What Each Model Handles

Model Question Addressed Output
BKT Does the student know this knowledge concept? P(mastery)
IRT Is this question appropriately challenging for the student? P(correct), question difficulty b, ability θ
FSRS When will the student forget? When should they review? retrievability, stability, next_review

How They Work Together

  1. First, use BKT to assess knowledge mastery
    If mastery probability P(mastery) for a concept is low, the system should assign foundational questions.
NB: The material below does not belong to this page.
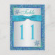 This glittery festive aqua blue, green, and silver grey table number postcard has a turquoise blue PRINTED ribbon with FAUX glitter (PRINTED) snow flakes on it that matches the winter Quniceanera party invitation shown below. ***You MUST change the number 11 to each number that you need, add it to your cart, and then come back and repeat the process with each number that you need. Quantity discounts may apply once you add all the items to your cart. If you have any questions or change requests contact niteowlstudio@gmail.com.

    P(mastery) < 0.6 → Continue learning/practicing  
    P(mastery) > 0.85 → Proceed to review or increase difficulty  
    
  2. Next, use IRT to select questions of appropriate difficulty
    Within the same knowledge concept, choose questions whose difficulty closely matches the student’s estimated ability.

    item_difficulty ≈ student_ability  
    

    Questions that are too easy waste time; those too hard cause frustration.

  3. Finally, use FSRS to schedule review timing
    For already-mastered concepts or flashcards, FSRS determines optimal review timing.

    Low retrievability → Review soon  
    High stability → Extend interval  
    

A Recommended Strategy

If P(mastery) is low:  
    Use BKT to drive the learning path — assign foundational questions  

If P(mastery) is moderate:  
    Use IRT to select questions slightly above current ability — promote growth  

If P(mastery) is high:  
    Use FSRS to schedule spaced repetition — prevent forgetting  

More Concretely

Maintain three sets of state per “student–knowledge-concept” pair:

BKT:  
  mastery_probability  

IRT:  
  ability_theta  

FSRS:  
  stability  
  difficulty  
  retrievability  
  next_review_at  

After each student response:

1. Update BKT’s mastery_probability based on correctness  
2. Update IRT’s ability_theta based on question difficulty and response  
3. Update FSRS’s stability/difficulty based on response quality  
4. Use outputs from all three to decide the next step:  
   - Learn new content  
   - Continue practicing  
   - Increase difficulty  
   - Schedule review  

Example Product Rule

Priority 1: FSRS-scheduled review  
  If retrievability < 0.8 for any concept, prioritize review  

Priority 2: BKT-driven remediation  
  Select the concept with the lowest P(mastery)  

Priority 3: IRT-driven question selection  
  Within that concept, select a question whose difficulty approximates θ  

One-sentence summary:

BKT decides which knowledge concept to learn, IRT decides which question to present, and FSRS decides when to review.